Progress, the €4.8bn defined benefit pension fund for the Dutch employees of Unilever, is to scale back investment risk as the fund is closed to new entrants.

According to its 2015 annual report, Progress will cut its current 32% equity allocation by 10 percentage points in favour of growing its fixed income holdings.

It will also link its interest hedge to the 30-year swap rate instead of its coverage ratio, which stood at 130% as of the end of March.

As a consequence, it has lowered its interest hedge to 32.5% of the nominal interest risk, to benefit from rising interest rates.

It said the increased short-term risk of the move was acceptable, as it expects interest-rate risk to fall over the long term.

Progress has also dropped its dynamic, anti-cyclical investment policy.

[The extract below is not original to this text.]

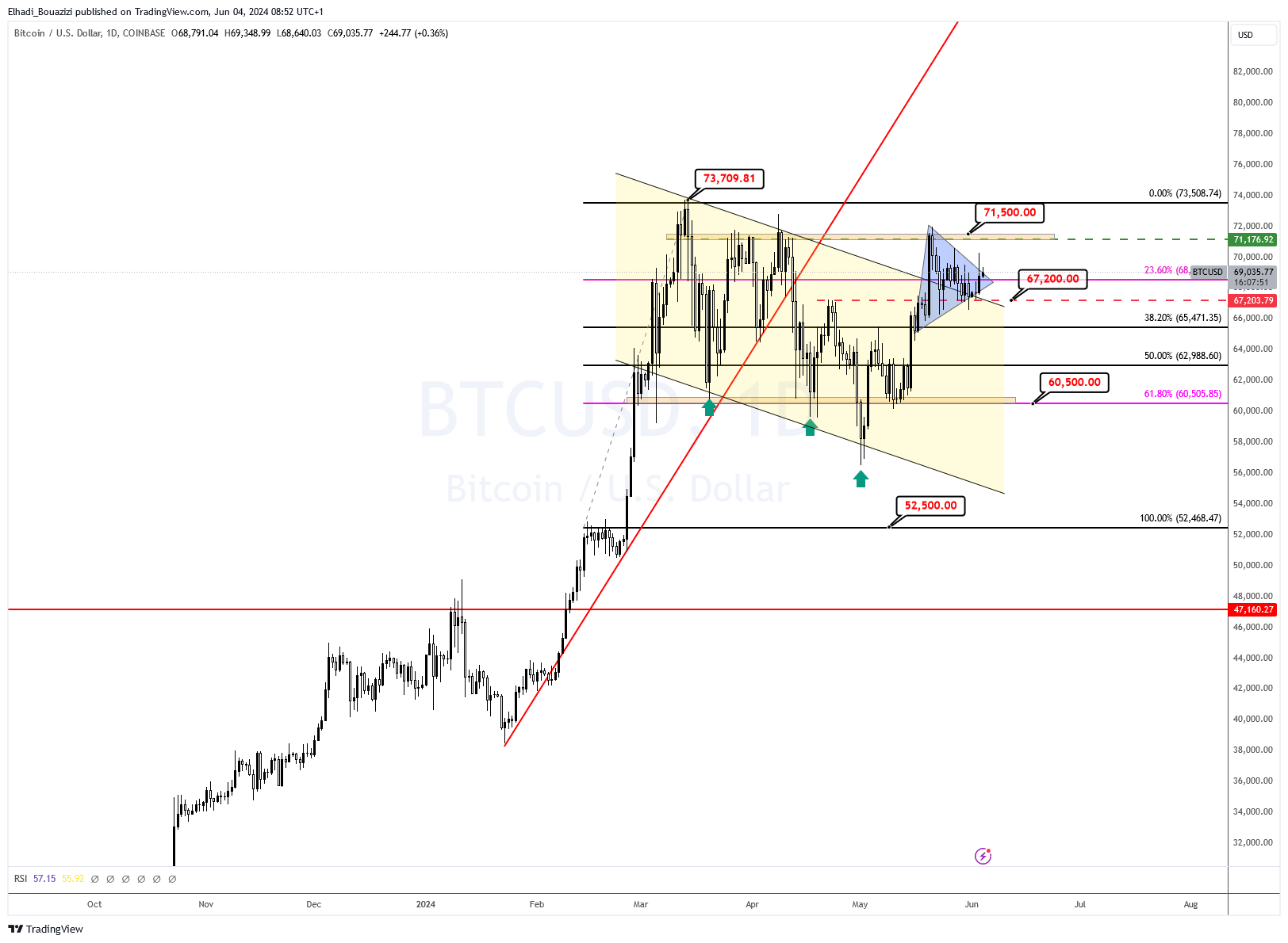 في الاتجاه الهابط، سعر BTC يجد دعم عند مستوى 67,200 دولار و أيضا الحد العلوي للقناة السعرية الهابطة.

To further diversify, it increased exposure to Dutch mortgages – the best-performing asset class within its fixed income portfolio, returning 7.2% – from 13.8% to 19.4%. 

It has also started investing in European senior loans, as well as environmental, social and governance (ESG) “value creation”, targeting sustainable agriculture and energy, as well as hygiene.

The Unilever scheme reduced its commodities allocation from 5% to 4.4%, as the asset class “contributed insufficiently to diversification”.

It said it would cut its commodities exposure – which last year produced a 32.3% loss – even further.

Private equity, in contrast, generated 30.1%.

Progress also reported positive results on real estate (14.1%), fixed income (4.2%) and equity (9.4%).

The pension fund reported an investment return of 0.2%, after losses of 3.5% on its 80% hedge of the main currencies, 1% on its interest cover and 0.9% on its 50% inflation hedge.

Progress closed to new entrants at the start of last year; pensions accrual is now taking place in its new collective defined contribution scheme Forward.

The two pension funds, which already share pensions-provision costs, have applied for a licence to run a new low-cost ‘general’ pension fund, or APF.